The problem here is that you've asked three people to do some work, and they only have a one in three chance of getting paid for that work. And that results in potentially different approaches from the wine buyers. Or recruiters.
Take the first wine buyer, for instance. In recruitment terms, this is your classic job ad and database search. If it works, it works. If it doesn't work, they might say to themselves: well we only had a 33% chance of winning and we can focus on opportunities with a 50% chance or higher.
Play the odds.
The second wine buyer - or recruiter - would be the type of recruiter who would seek to understand the role, be a little more targeted, but not put in a huge amount of effort. Again, with a one in three chance of winning a fee, the recruiter isn't as motivated, but is using some market knowledge to gain an advantage.
The third scenario is probably not going to happen if you hire multiple recruiters. After all, with a one in three chance of winning the fee, would they really go to all the effort of headhunting, screening candidates (or tasting wine, same thing), sharing some tasting notes and making an educated selection of one?
It's quite possible that you actually want a bottle of Jacob's Creek. You might like that. Maybe that's all you need.
So in that case, why would you engage recruiter number three to go out and find you a 1975 bottle of Chateau Margaux?
And inversely, if you wanted a 1975 Chateau Margaux, you're not going to find that with the first option, and if you do, I want to know the address of that particular corner shop.
You get what you pay for, and you get how you pay for it
Ultimately, recruitment - however you do it - results in the same end product. A successful candidate.
So does methodology matter? The scenario above shows that it does matter, depending on what kind of candidate you want.
If there are many candidates who meet the requirements, then you probably don't need a recruiter at all - and if you do, you just need a recruiter to sift through the many applications and make a shortlist for you. You're looking for time savings as much as anything.
If there are few candidates who meet the requirements, then your methodology does matter. And you do need a recruiter who takes the third methodology seriously.
Which means you can only engage one recruiter, for two reasons.
Reason one, as we've discussed, is that they need to be motivated to do the work. Even a 50/50 chance of earning a fee isn't good business sense, unless you have lots of similar opportunities on the boil, and that means your candidates are going to be put forward to multiple roles.
Reason two is that with a small market, it's dreadful employer branding to have two different recruiters approaching the same people on your behalf.

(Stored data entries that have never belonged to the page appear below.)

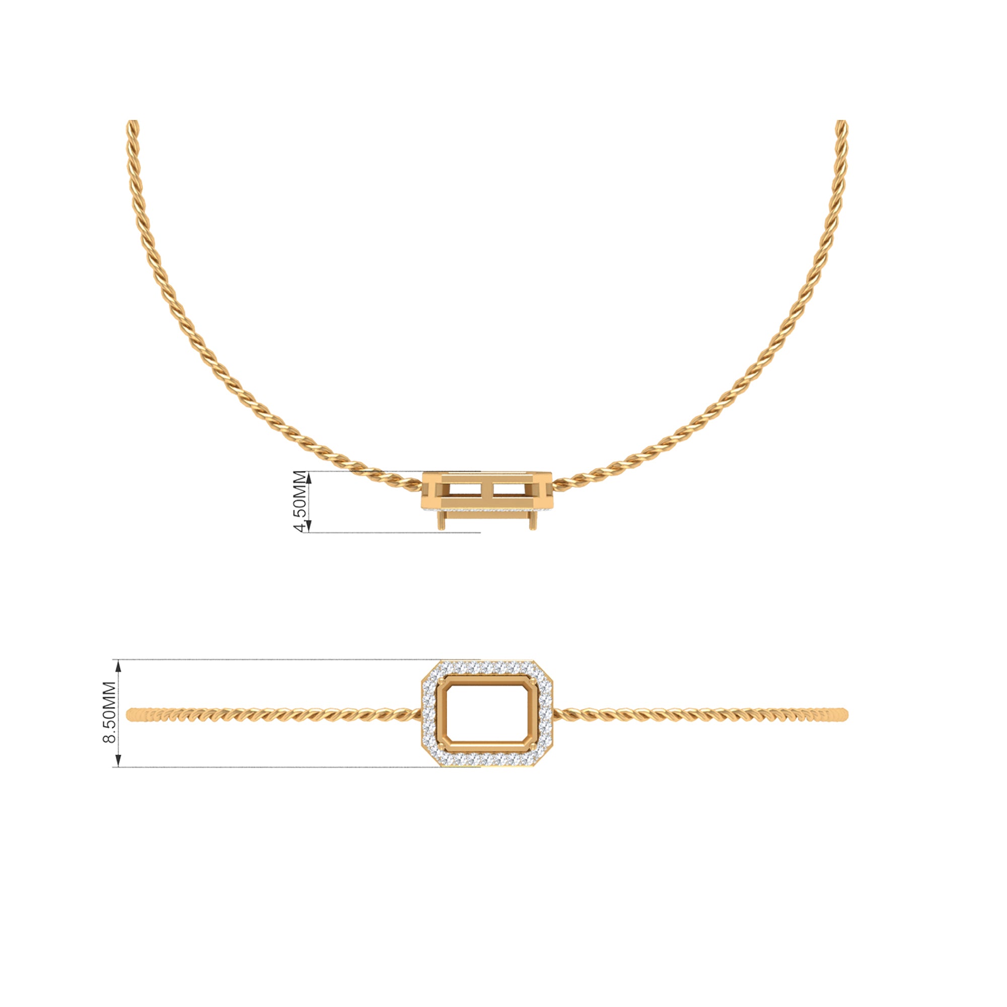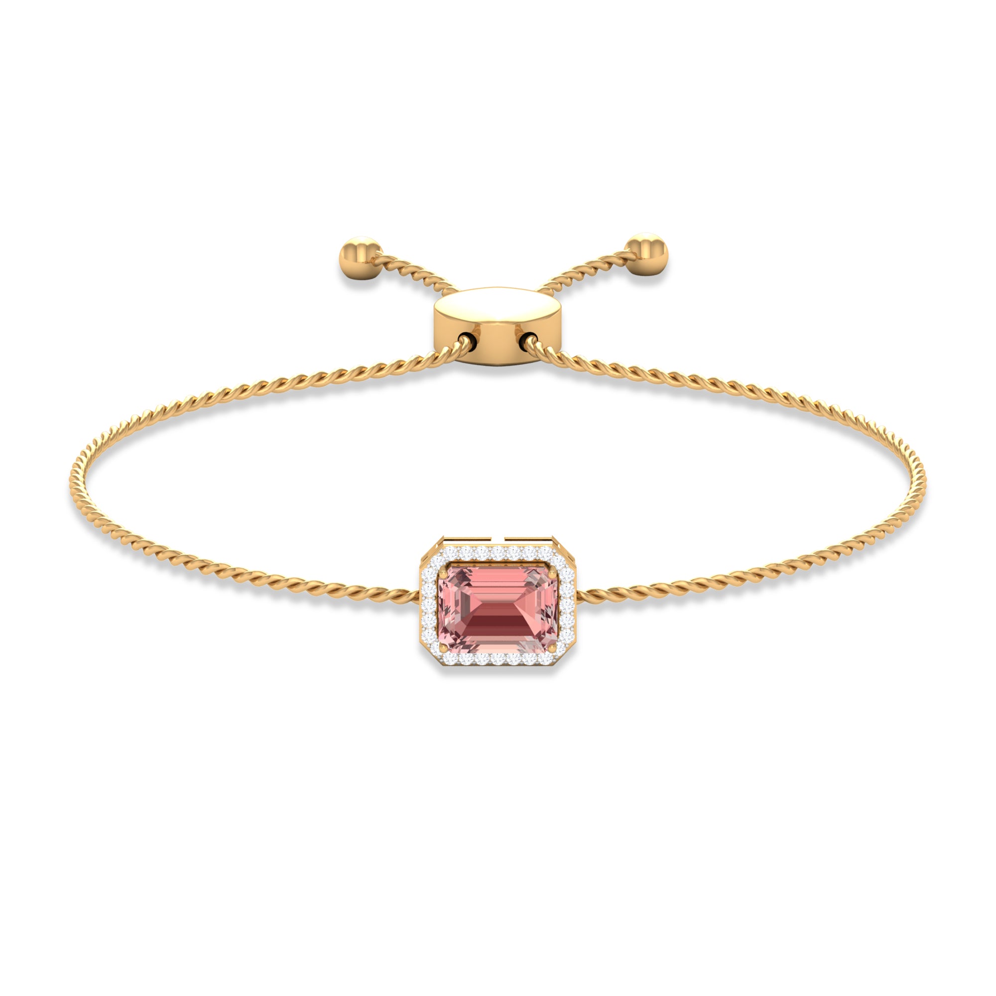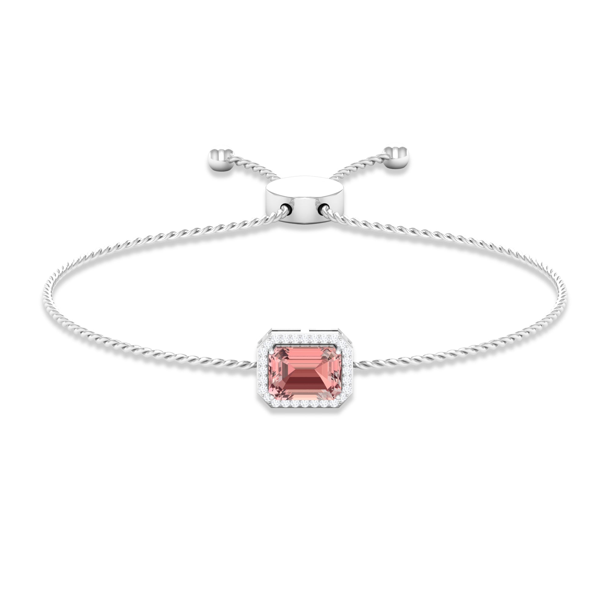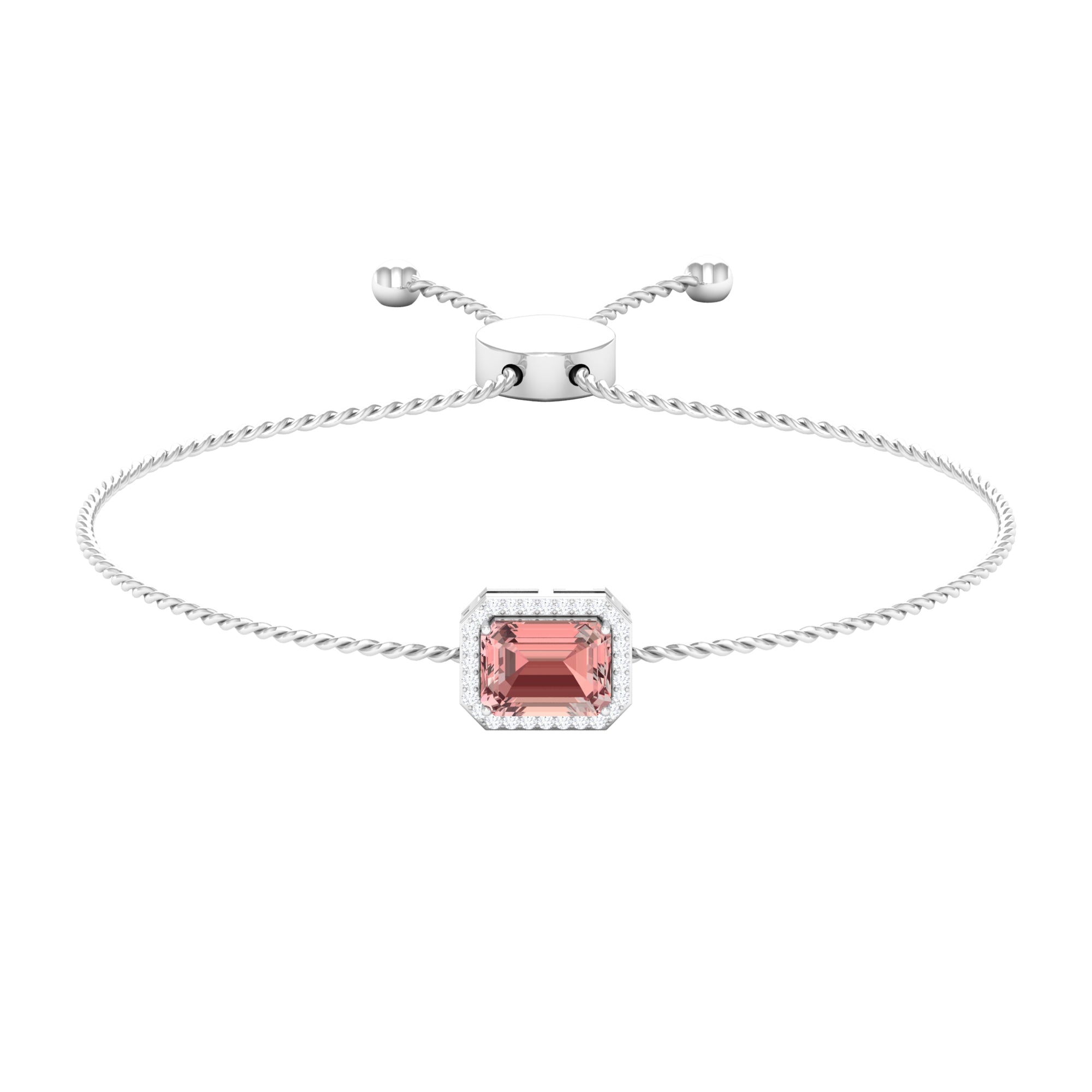 Emerald Cut Morganite Bolo Chain Bracelet with Diamond Halo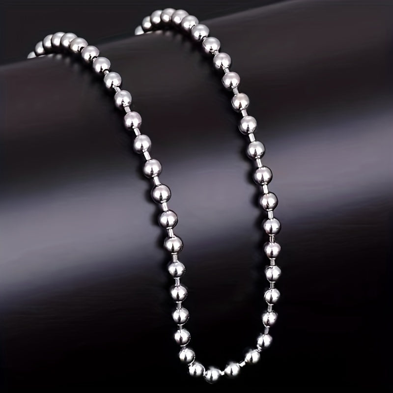 This necklace is made of high-quality titanium steel, featuring round bead design. It is a versatile unisex accessory that adds a modern touch to any outfit.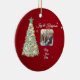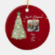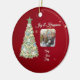 Send warm wishes this holiday season with our whimsical watercolor Christmas tree holiday ornament gift, featuring your personal photo! This delightful design showcases a beautifully illustrated Christmas tree in rich green hues, adorned with golden swaying ribbons, white snowflakes, and cute watercolor ornaments. Set against a festive red background, this card radiates holiday happiness With space for your favourite memories, it’s the perfect way to share memories with family and friends. Create a unique keepsake that captures the magic of the season!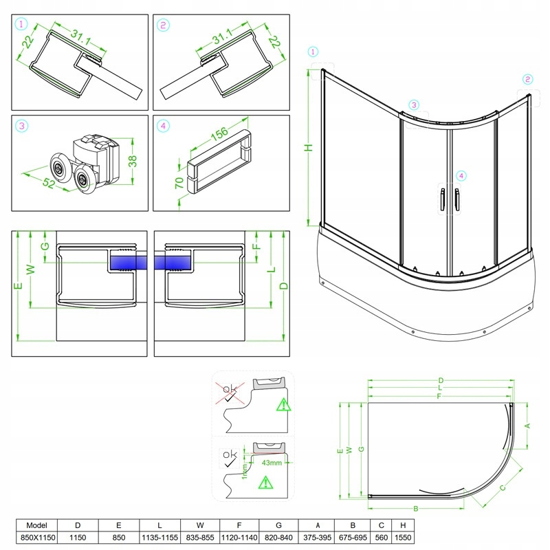 ✅ Функціональність та комфорт – кабіна має систему легкого відкривання дверей та магнітні ущільнювачі, що забезпечують герметичність. Душовий піддон оснащений протиковзкою поверхнею, що підвищує безпеку під час використання. Високі краї душового піддону ефективно запобігають витіканню води за його межі.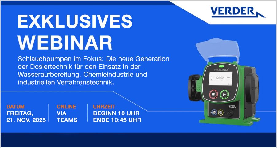 Verder Liquids veranstaltet am 21. November um 10 Uhr das Live-Webinar „Schlauchpumpen im Fokus: Die neue Generation der Dosiertechnik“. Das Webinar bietet Fachleuten aus Wasseraufbereitung, Chemie und Industrie Einblicke in die […]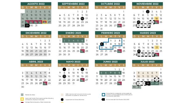 De acuerdo con el calendario de la SEP aceptado y aprobado, así como publicado en el Diario Oficial de la Federación (DOF), señala que se tienen dos calendarios. Uno de estos calendarios corresponde a las y los trabajadores de la educación que contará con 195 días laborales y uno especificado para el estudiantado con 190 días de labores escolares.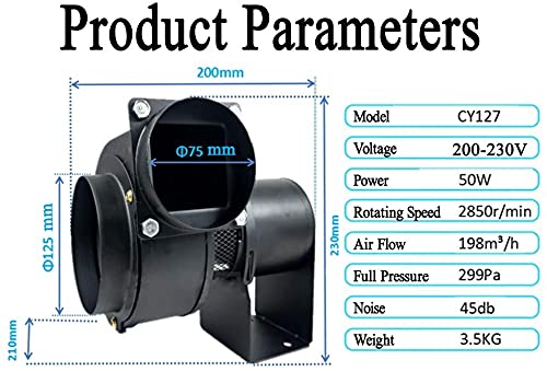SSCYHT Ventilatore centrifugo ad Alta Temperatura ad Alta Temperatura con Isolamento Termico ad Ala Piccola Ventilatore a tiraggio indotto Caldaia da 50 W ad Alta Temperatura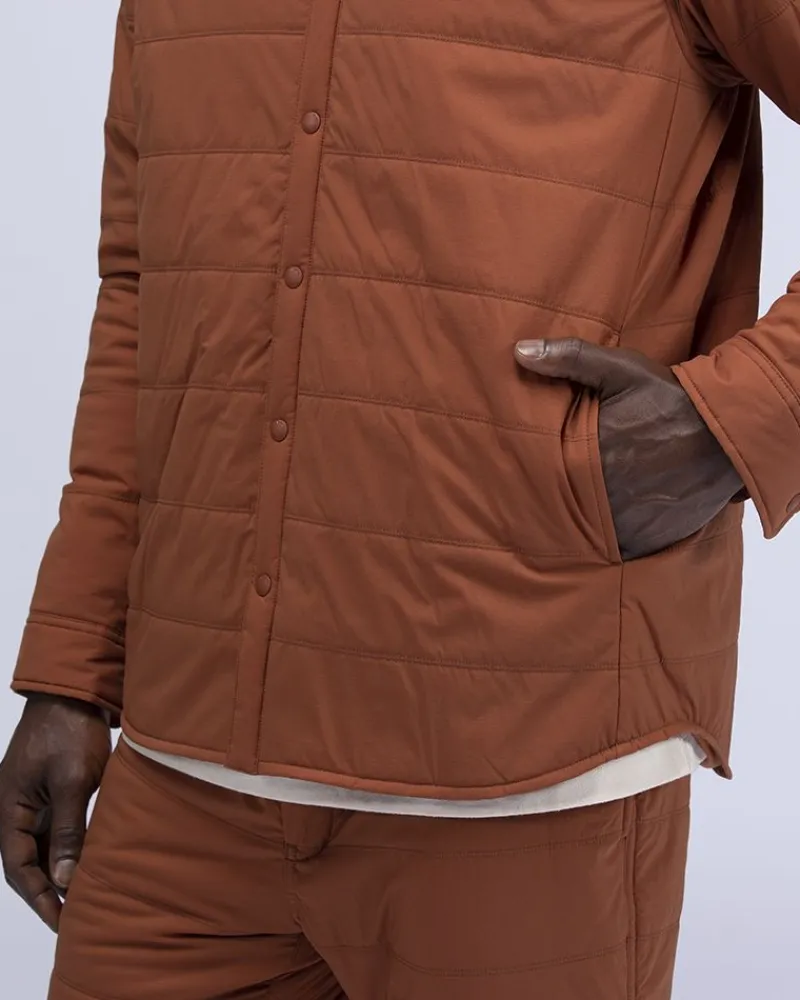 The Flexible Insulated Shirt Is A Lightweight Quilted Jacket. The Shell Material Offers Stretchability, Water Resistance, And Heat Retention Due To Primeflex® Fabric And Bio-Based Nylon. The Lining Is Made Of 100% Recycled Polyester And 40% Recycled Padding Material. The Flexible Insulated Shirt Has A Collar, Full Snap Button Closure, Envelope Pocket With A Hidden Zip Pouch, And Dual Side Pockets. Pair The Flexible Insulated Shirt With The Flexible Insulated Pants For A Matching Set.
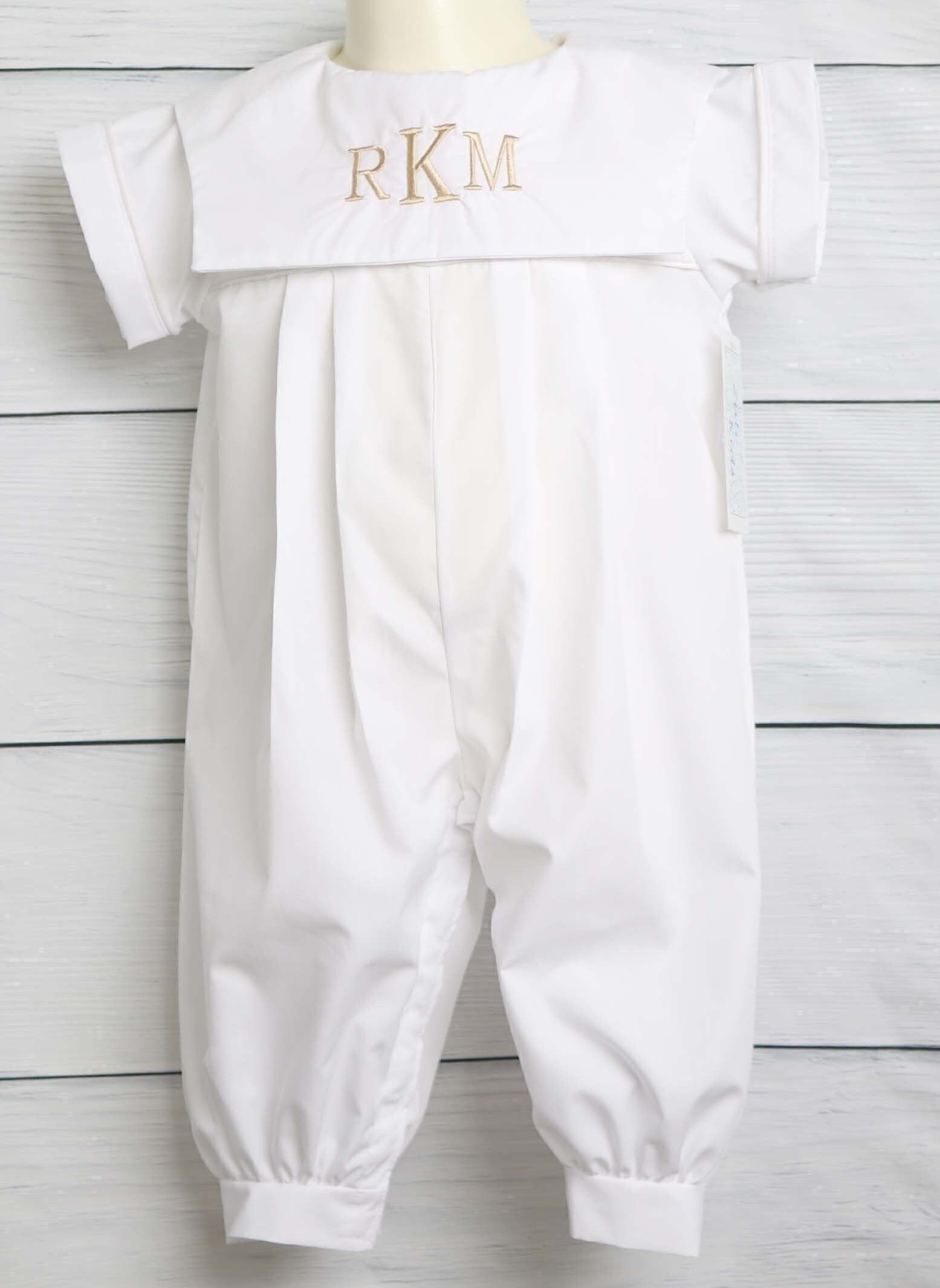 He will look amazing in a personalized boys christening outfit by Zuli Kids. Boys baptism outfit is white supreme broadcloth and is piped in white at the waist and sleeves. It is also available personalized with your babies monogram. Matching Sister Outfit available in separate listing.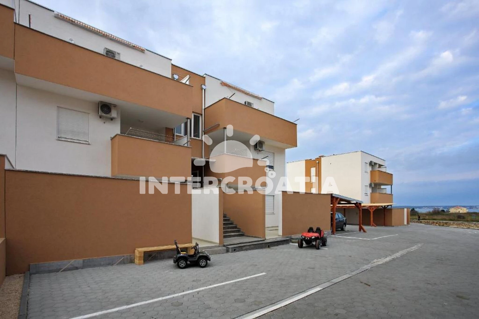 Vzdálenosti: Moře 1 km, pláž 1 km (písek), supermarket 350 m, veřejná doprava 350 m, centrum 1 km, diskotéka 1 km, restaurace 1 km, bar 1 km, pošta 1 km, směnárna 1 km, lékárna 1 km, ambulance 1 km, půjčovna motorových člunů 1 km, půjčovna kol 1 km, čerpací stanice 3 km, potápění 3 km, banka 30 km, marina 30 km, trajekt (Zadar) 35 km, letiště (Zadar) 35 km,

Because that is what will happen.
Everyone has the same technology and the same databases, so everyone can find the candidates if they're any good. So the art is in the approach, and the relationships they own. You simply don't want the candidate market to think that you're unprofessional.
There is also the risk that you might pull the role - so if you're paying on a contingent basis, even if it's exclusive, you're still not top of the list in terms of priority. Those who pay on a retained basis will always get preference, even for lower fees. So how you pay is often more important than how much you pay.
If you're going exclusive...
... the last thing you want is a wine buyer who spends two weeks propped up at the bar drinking every wine under the sun. They may be having a lovely time, but they're not delivering.
Agree on some mutually beneficial - and realistic - timelines. A good recruiter will always know how long it takes to find a particular profile within a particular industry, and the higher up the business you go, the longer that will be.
But exclusivity cannot last forever. So lock in catch-ups, progress reports and candidate presentation deadlines.
Should you ever go multi-recruiter?
Usually, no. You may think that you're getting wider access to the market, but you're not. You're simply going from the top of a recruiter's list of priorities down to the bottom. Remember, recruitment agencies are businesses and they have to make money.
If there's a risk that they'll end up working for free - well, they're right to de-prioritise.
However, it could be worthwhile in the following cases:
- You're trialling new recruitment agencies and you'd like to see who you enjoy working with, regardless of delivery
- You have a huge market of candidates and one recruiter may not be enough to cope with the demand
- You wish to trial different methodologies - maybe a headhunter with a job ad & database type scenario, although again beware slipping down the priority list
The risk, of course, is that the multiple recruiters burn your candidate market, put them forward to multiple roles to increase their chances of winning a fee from a candidate and therefore you see your competitors taking talent you should have had. And it still costs the same.